RECORD SET »

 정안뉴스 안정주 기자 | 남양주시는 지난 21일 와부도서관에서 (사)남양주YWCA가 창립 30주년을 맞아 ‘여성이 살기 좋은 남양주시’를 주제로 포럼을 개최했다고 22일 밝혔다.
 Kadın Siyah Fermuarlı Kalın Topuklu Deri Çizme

* * *

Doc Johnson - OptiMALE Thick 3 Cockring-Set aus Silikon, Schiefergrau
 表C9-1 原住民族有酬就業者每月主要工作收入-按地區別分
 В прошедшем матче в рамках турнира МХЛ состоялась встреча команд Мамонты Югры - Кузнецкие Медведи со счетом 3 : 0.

REQUIRED ACTION » From the records above, extract exactly and only the lines that begin at the line with "Doc Johnson - OptiMALE" and stop after the line with "В прошедшем матче".

EXERCISE RESPONSE »
Doc Johnson - OptiMALE Thick 3 Cockring-Set aus Silikon, Schiefergrau
 表C9-1 原住民族有酬就業者每月主要工作收入-按地區別分
 В прошедшем матче в рамках турнира МХЛ состоялась встреча команд Мамонты Югры - Кузнецкие Медведи со счетом 3 : 0.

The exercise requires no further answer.